[Work instruction] Exactly the lines from the one with "Dominion Esprit Vintage" through the end of the data below must be set down, and no pictures with them.

[Provided material]
========================================

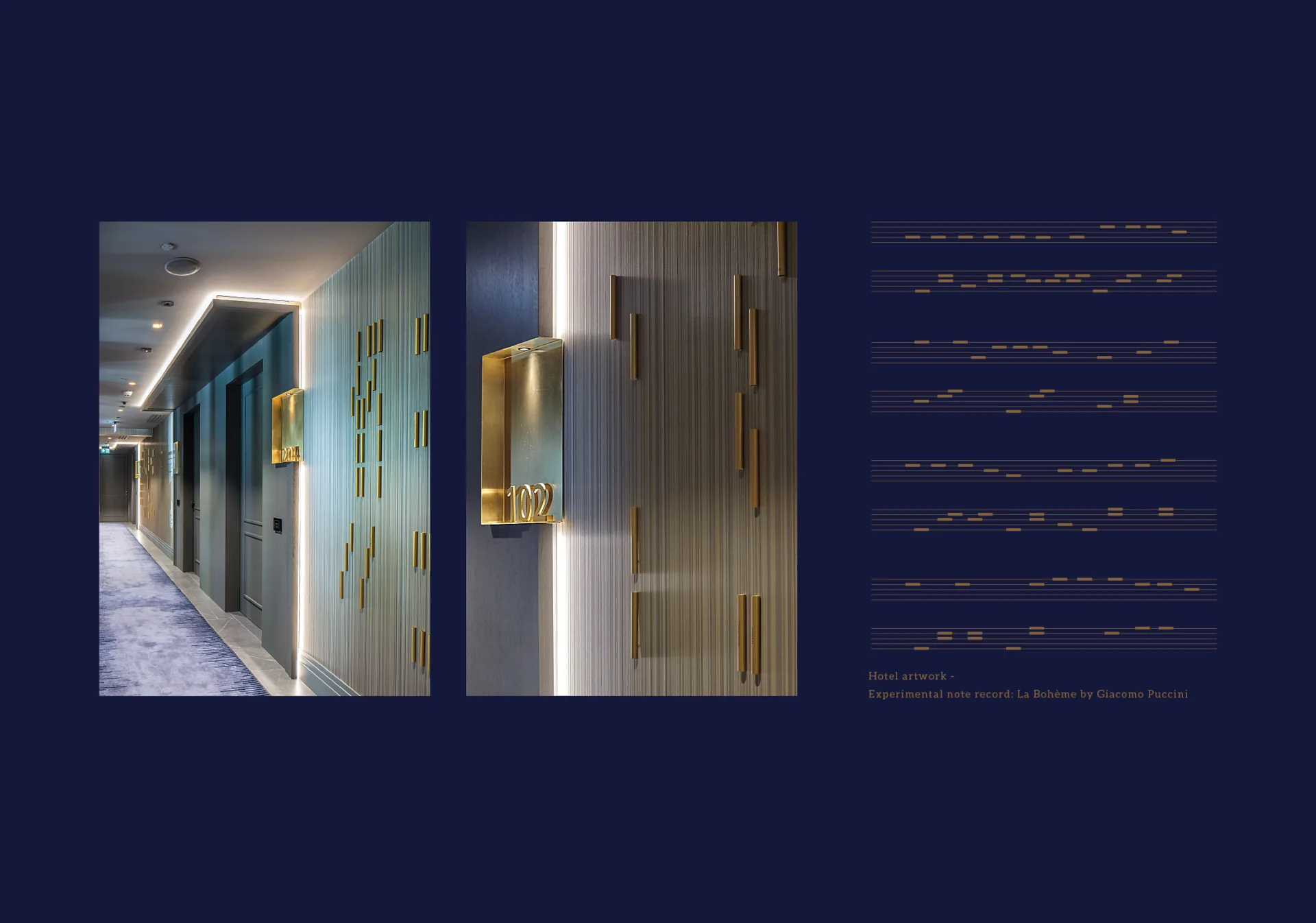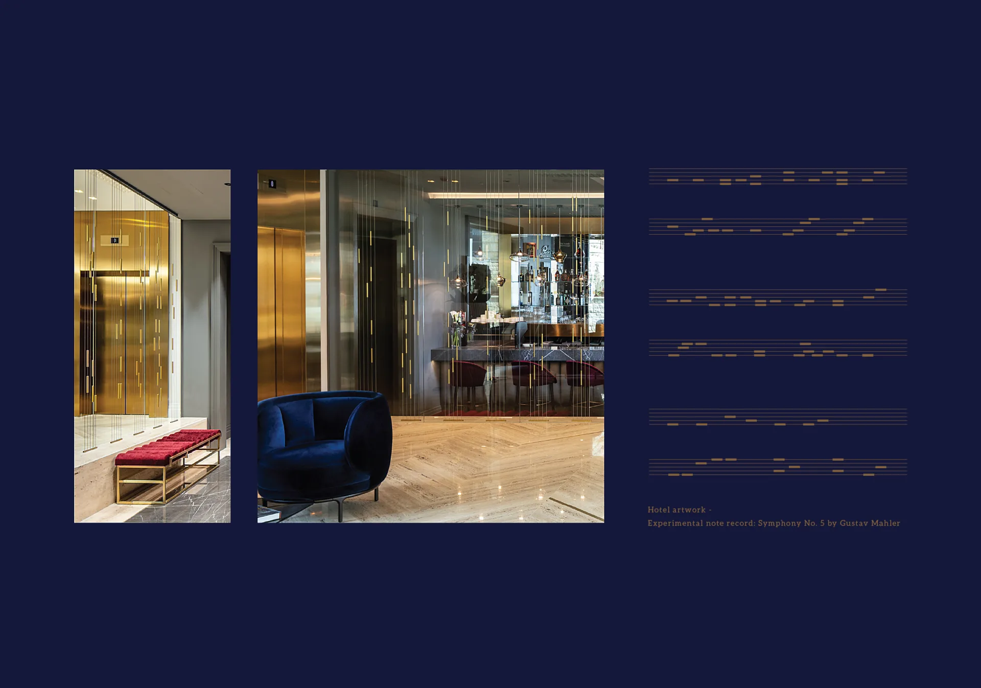 In addition to the visual identity and the signage concept, a series of spatial installations have been installed throughout the interior of the hotel. These installations were inspired by experimental notes of music and compositions by Mahler, Lehár, Puccini and Kálmán. The composition of each installation comes from traditional notation and sheet music. The engraved text of the brand story adds to the visitor’s imagination and invites her to explore the sounds of each installation. Light rhythmic elements, musical notation shaped from gold tubes attached to thin wires recalls the musical notes in a piece of music. These installations accompany visitors throughout the hotel and further emphasize its musical theme. These installations generate a more powerful experience for the guests by visually expressing the brand’s musical motif.
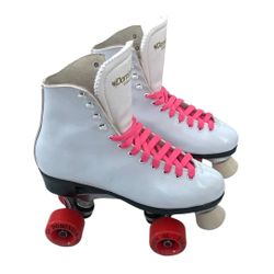 Dominion Esprit Vintage White Leather Red Wheel Roller-skates Women Sz 7 $125Prosper, TX
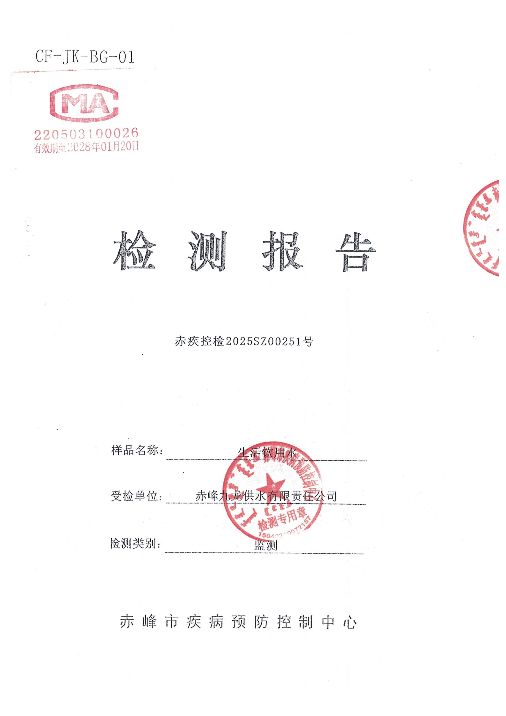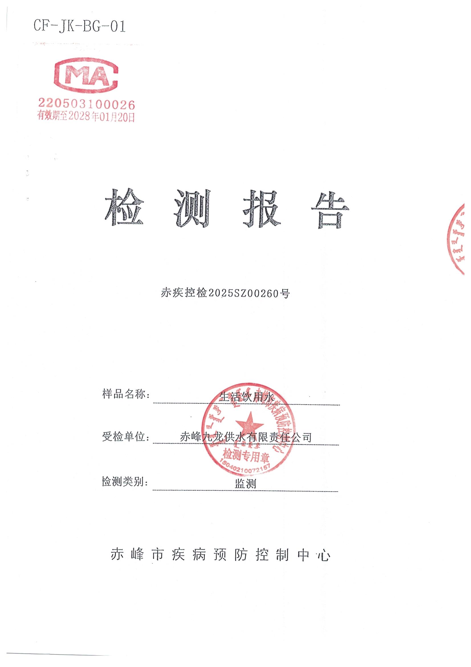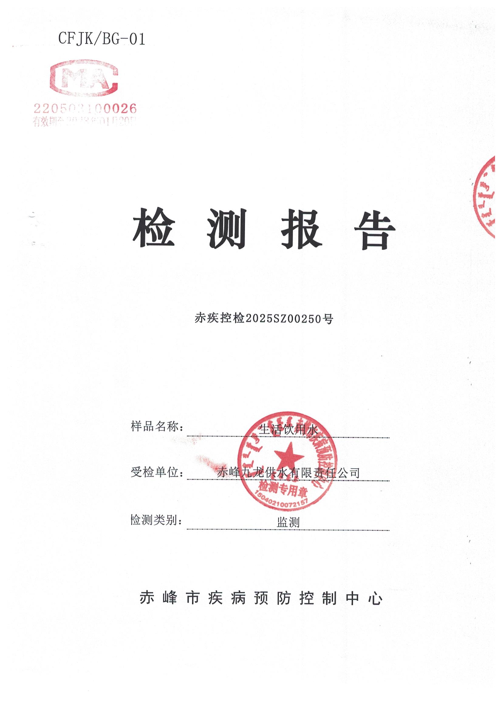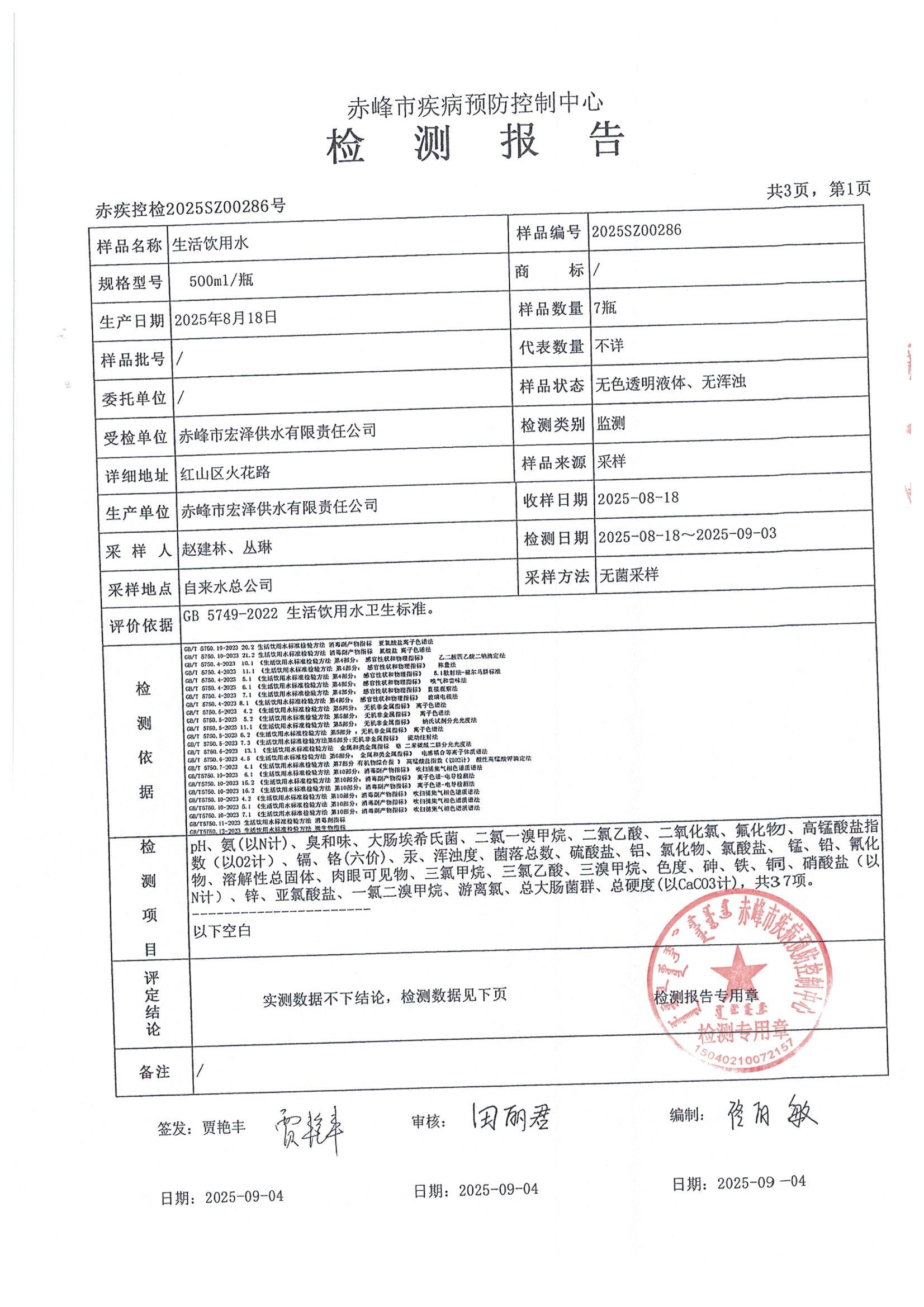 按照《赤峰市水污染防治工作方案》要求,现将赤峰市宏泽供水有限责任公司一水厂、二水厂、四水厂、赤峰九龙供水有限责任公司2025年第三季度生活饮用水水质检测结果予以公告。

========================================

[Result for this task]
 Dominion Esprit Vintage White Leather Red Wheel Roller-skates Women Sz 7 $125Prosper, TX
 按照《赤峰市水污染防治工作方案》要求,现将赤峰市宏泽供水有限责任公司一水厂、二水厂、四水厂、赤峰九龙供水有限责任公司2025年第三季度生活饮用水水质检测结果予以公告。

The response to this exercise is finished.